With all these COTS components readily available for purchase, the COTS solution is generally more adaptable to change and the COTS solution can usually be easily modified during multiple prototype revisions.
For instance, the prototype may need just one current input channel, but the COTS supplier only sells modules with four current inputs each. The downside is that three extra channels were purchased and may never be used, taking up both space and budget. The upside is that if the prototype does need more than one current input, the additional channels or modules are immediately available for use and little time is lost. Also, the extra I/O can come in handy for monitoring or troubleshooting an issue on the prototype.
As another example, if the prototype unexpectedly needs an analog output, the COTS supplier likely already has a module for sale. Again, the downside is that additional budget and space have been consumed, but the upside is that a solution was readily and rather inexpensively available.
However, COTS analog or digital I/O boards may not offer adequate connection schemes because of signal speed, channel-to-channel isolation, signal conditioning, or connector requirements. In those cases, custom circuitry and hardware may need to be built in order to add special functionality to COTS systems, which can increase time and cost.

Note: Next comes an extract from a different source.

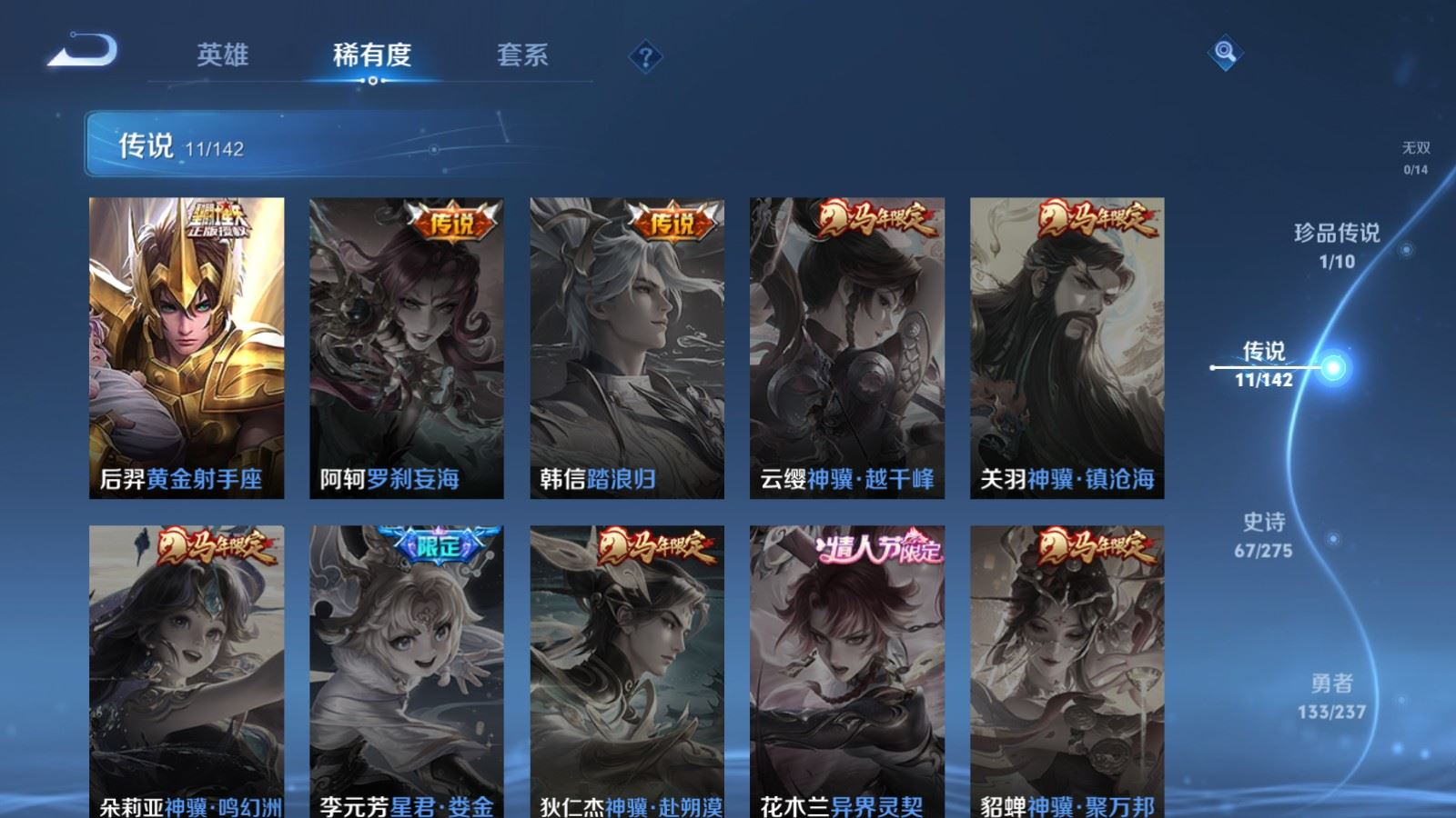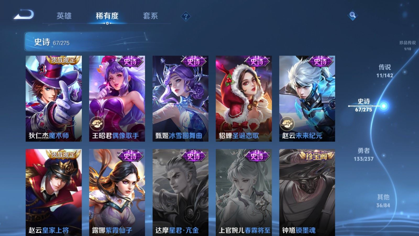 贵族等级:v7皮肤数:249传说品质11 情人节限定1 荣耀典藏1 生肖限定2 珍品传说1 英雄数:125

Additional Information: Some examples of COTS systems are the National Instruments CompactRIO (www.ni.com) and systems based on single board computers utilizing PCI plug-ins for the I/O, offered by such vendors as ADLINK (www.adlinktech.com), Advantech (www.advantech.com), the industrial flavors of Arduino (www.arduino.cc) and Raspberry Pi (www.raspberrypi.com), and many others. These examples should serve as motivation for you to explore options. |
Hybrid
The hybrid approach can utilize both a COTS embedded controller and pre-developed COTS I/O. Connecting this COTS hardware into a prototype system is certainly simpler than the Custom approach and is only slightly harder than offered by the COTS approach. The benefit of the Hybrid approach stems from the ability to develop the prototype close to the same timeline as the COTS prototype and minimal post-prototype customization since so much of the COTS hardware can be reused.
It is important to note that ease of rework to convert the prototype into a ready-to-sell product implies either that 1) the COTS I/O is directly suitable for your product or 2) you have access to the COTS I/O hardware designs so that you can (or the supplier of the COTS I/O will) re-layout only the necessary I/O components into your own specialized I/O board.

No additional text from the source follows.